Анне давалось новое поручение, а хозяйка ловко и проворно доделывала её работу.

Дети очень скоро подметили слабую сторону молодой работницы, нашли средство добиваться от неё всего, чего хотели. Если они сердились, кричали, требовали чего-нибудь с бранью, Анна без церемонии отгоняла их от себя; но когда они подходили к ней с ласково-умильными рожицами, когда они нежно говорили: «моя няня», «миленькая моя», она не могла устоять. И вот, грязные детские ручонки беспрестанно лезли обнимать ее, и она, всегда так жаждавшая ласки, любви, забывала ради этой детской ласки и свою усталость, и свое желание погулять, отдохнуть.

– Избалуешь ты мне ребят! – замечала иногда Федосья Яковлевна, видя как девушка, между двух спешных работ, то вьет кнут для Сени, то шьет куклу для Дуни, то таскает на спине громко хохочущего Ваню. – Как есть избалуешь! Дай ты им хороший щелчок, чтобы они к тебе не лезли…

Но, говоря эти суровые слова, мать с любовью посматривала на своих птенцов, и ей приятно было, что молодая девушка так ласкова и добра к ним.

– Экий клад послал нам Бог! – толковала Федосья Яковлевна с мужем. – Такая славная эта Аннушка, и честная, и работящая, и детей любит! Ужо пойду к Аленушке, поблагодарю, что предоставила нам ее…

Алена повторяла Анне все похвалы, какие о ней слышала, и Анна краснела от удовольствия.

– Видишь, – прибавляла Алена, – правду я говорила: будешь ты работать, как следует, никому не стать тебя обижать, потому, известно, ты не из милости живешь, ты человек нужный.

Приятно было Анне чувствовать, что наконец она перестала быть лишней, что она «нужна», и она все больше и больше старалась угождать своим хозяевам.

 

 

Глава VII - Без роду, без племени - Анненская Александра

Один раз, вечером, Андрей Кузьмич, усевшись за ужин, объявил Аксинье Ивановне:

– А я сегодня получил письмо от сестры Груни.

– Что же она пишет? – осведомилась жена.

– Да что? Все про свои недостатки пишет… Известно, ей во вдовстве с пятью ребятами не сладко живется.

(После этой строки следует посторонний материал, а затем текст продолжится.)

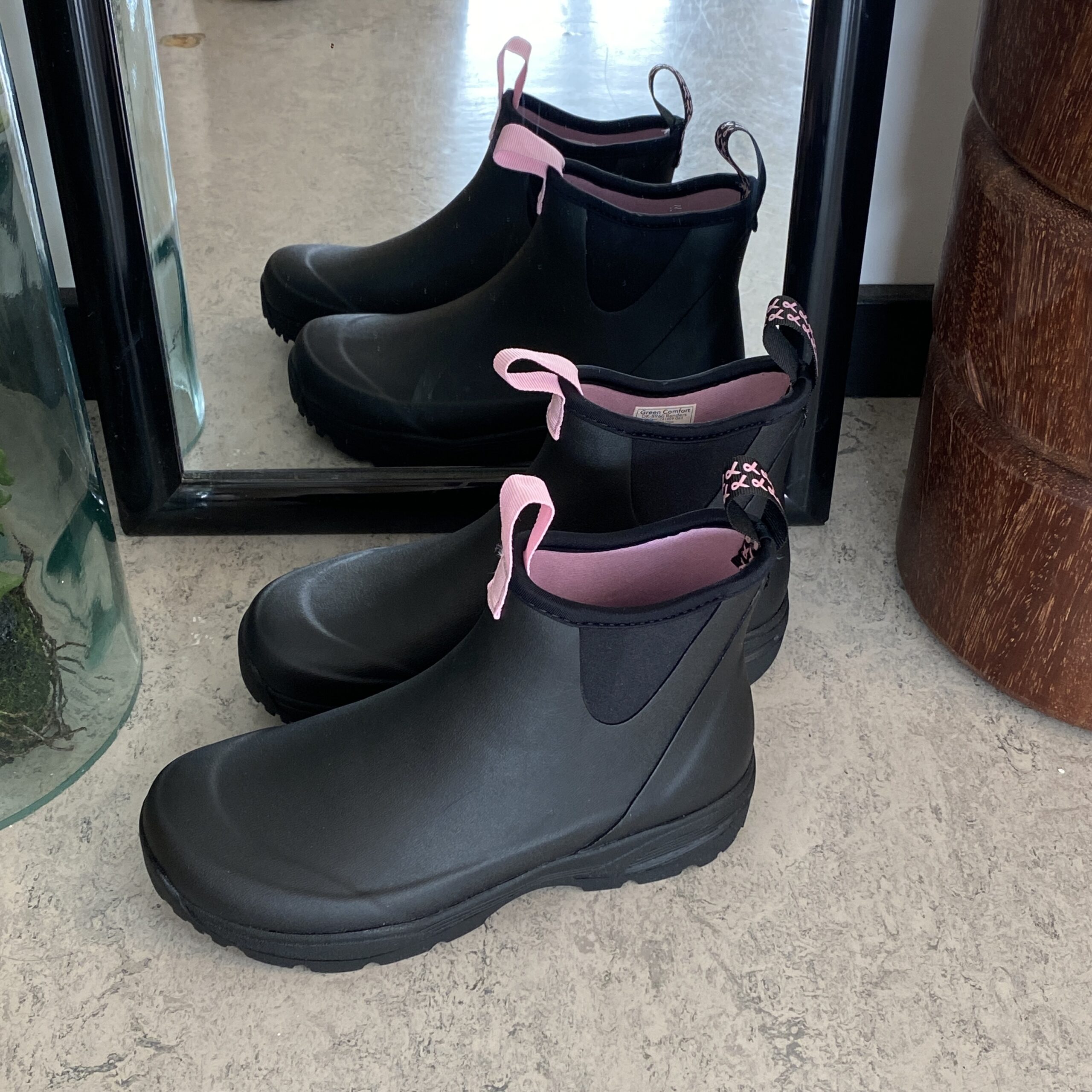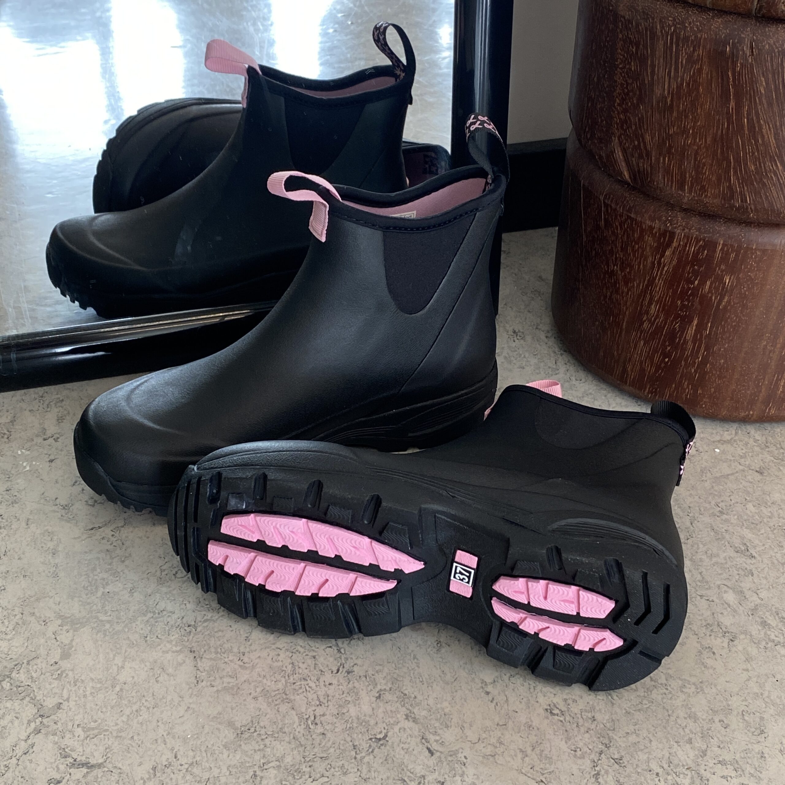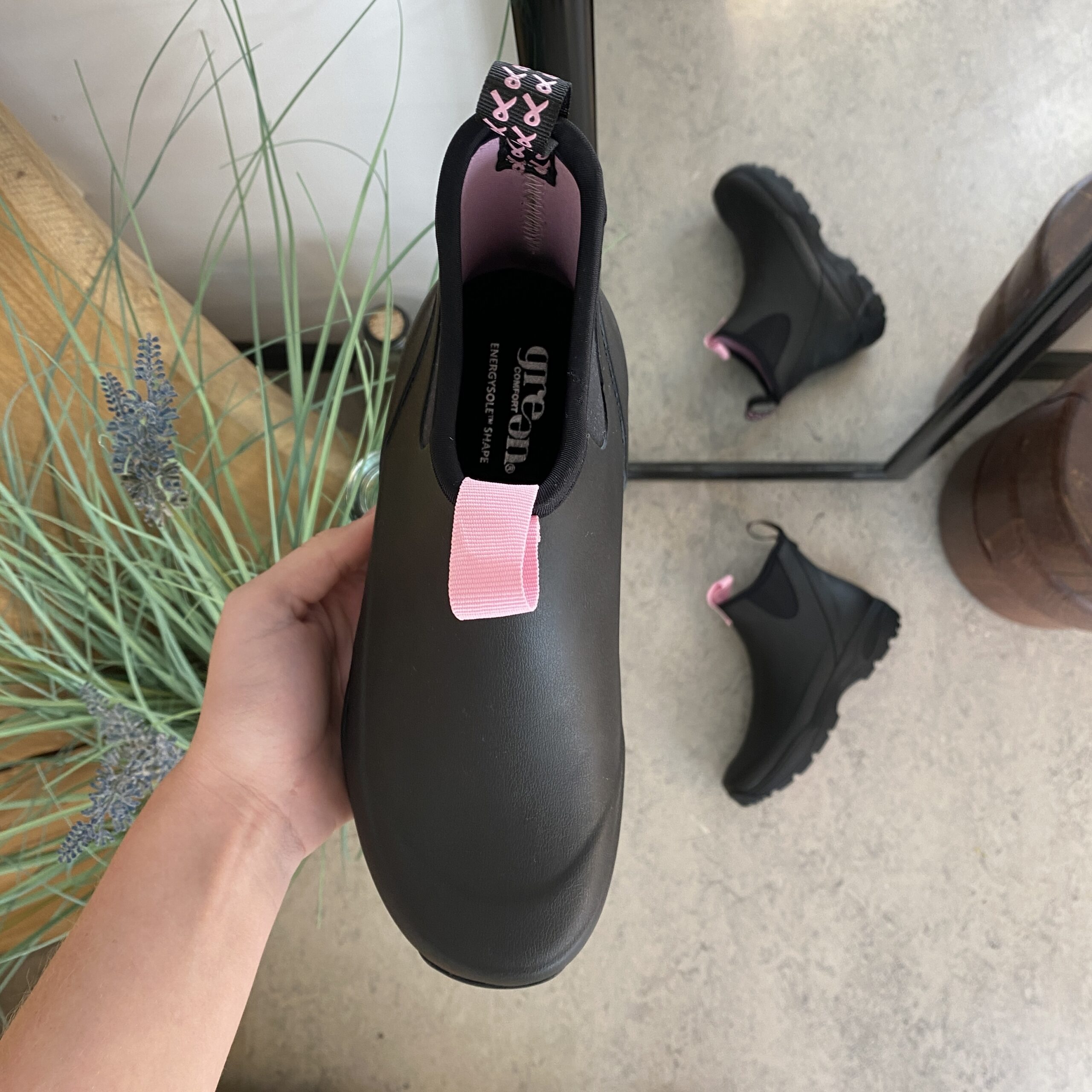 Upptäck våra svarta gummistövlar, skapade med omtanke och i samarbete med Rosa Bandet, där den igenkännliga rosa färgen elegant framhävs i botten av stöveln samt i den dekorativa rosett som pryder en av stropparna.

– Денег, верно, просит? – спросила Аксинья Ивановна.

– Нет, не денег, – я ведь ей недавно двадцать пять рублей послал, просит она пристроить её старшего сынка. Он, видишь ли, кончил курс в Городском училище, мальчик, пишет, скромный, не баловник, и грамоту, и счет хорошо знает. Ей хочется его как-нибудь к торговому делу определить. Я и подумал: взять бы мне его к себе. Куском он нас не объест, а мне в лавочке больно нужен мальчишка, особенно коли грамотный.

– Отчего же не взять, возьми! – согласилась Аксинья Ивановна. – Около тебя мальчик к делу приобыкнет, и сестра рада будет, что сын не в чужих людях живет; у нас, слава Богу, места не занимать стать, найдется.

Через месяц после этого разговора Постниковы сидели за утренним самоваром, когда к крыльцу их дома подъехала дорожная кибитка. Двое мужчин, сидевших в ней, поглядели на окна дома, освещенные утренними лучами солнца, но не выказали никакой охоты вылезать из экипажа; с облучка же кибитки соскочил мальчик лет тринадцати, одетый в сильно заплатанный полушубок, вытащил холщевый мешок, заключавший, очевидно, все его пожитки, и, раскланявшись со своими спутниками, несмелыми шагами направился к дверям дома.

– А ведь это Лешка! Грунин Лешка!.. Так и есть! – вскричал Андрей Кузьмич, выглянув из окна.

Андрей Кузьмич и Аксинья Ивановна встретили племянника со своей обычной ласковой приветливостью. Для него тотчас же подогрели самовар, подали горячую булку, масла, яиц. Аксинья Ивановна с грустью поглядывала на его старенькое заплатанное и перезаплатанное платье и все уговаривала его побольше есть. Андрей Кузьмич расспрашивал о его матери, младших братьях и сестрах, о их житье-бытье в маленьком городишке, где отец Алеши вел когда-то довольно бойкую торговлю, но не сумел свести концов с концами и, умирая, оставил семью почти без средств к жизни. Алеша говорил тихим, ровным голосом, и на все вопросы давал толковые, обстоятельные ответы. Это был худенький, стройный мальчик, лет тринадцати, с белым, нежным личиком, как у девочки, и с необыкновенно почтительными манерами, сразу пленившими сердце Аксиньи Ивановны. В разговоре он беспрестанно прибавлял частицу «с», вскакивал с места, когда вставали большие, а здороваясь и благодаря за чай, поцеловал у неё руку, и она тотчас решила, что он «славный мальчик» и стала мысленно соображать, какое старое платье Андрея Кузьмича можно бы перешить для него.

– Ну, Алеша, – сказал Андрей Кузьмич, в разговорах с племянником незаметно выпивший вторую порцию чаю, – ты отдохни с дороги, а я пойду в лавку, завтра и тебя возьму с собой: посмотришь на мою торговлю.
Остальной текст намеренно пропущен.